2 Dataset and Models
In order to simplify the training process, this project used the well-known CIFAR-10 dataset. It consists of 60,000 32 x 32 pixels color images in 10 classes, with 6,000 images per class. There are 50,000 training images and 10,000 test images. Figure 1 shows the CIFAR-10 dataset images. While the left grid shows nine original images, the right grid shows the same nine images but transformed to grayscale using linear weights applied to the RGB channels.
2.2 Model Selection
We first want to verify that transfer learnings can be applied to grayscale images. For model selection, we investigated the classification accuracy of Resnet and a customized Densnet on both colored and grayscale CIFAR-10 dataset.
Initially, both the color and gray-scale images were trained using ResNet from scratch. Here, the idea of training gray-scale images is to triple the same information so that it can fit into the model. Then, pretrained weights were applied to both training processes. Eventually, the first convolutional layer of the ResNet was modified to only take a single greyscale channel as input. All models were trained for 50 epochs using the same loss function and optimizer. The training result is shown in Table 1.

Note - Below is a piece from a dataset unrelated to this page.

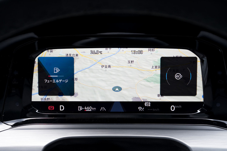 3/22インテリアでは操作インターフェイスのデジタル化が大きなトピック。ステアリングスイッチを除き、電装系の操作はほとんどがタッチパネル式となった。

Table 1 Resnet Result on Colored and Grayscale CIFAR-10
Initially, the colored images were trained using DenseNet without pretrained weights for 50 epochs. Then, the same model was applied to gray-scale images for the same number of epochs and using the same loss function and optimizer. It turned out the validation accuracy dropped by 3% as shown in Table 2. Since our modified Densenet result outperformed Resnet at a level of 50 Epochs, we used Densenet for our following filter clustering and compressing process. This Densenet model was further trained for 190 epochs, along with the accuracy reaching 91.16%. This model will then be used as the pretrained model, on which we will implement the process transforming from colored model to grayscale by compressing the kernels. The first convolutional layer was modified to only take a single gray-scale channel as input and the baseline accuracy for this grayscale input is 83.2%. The methods we implement the layer weights will be introduced later below.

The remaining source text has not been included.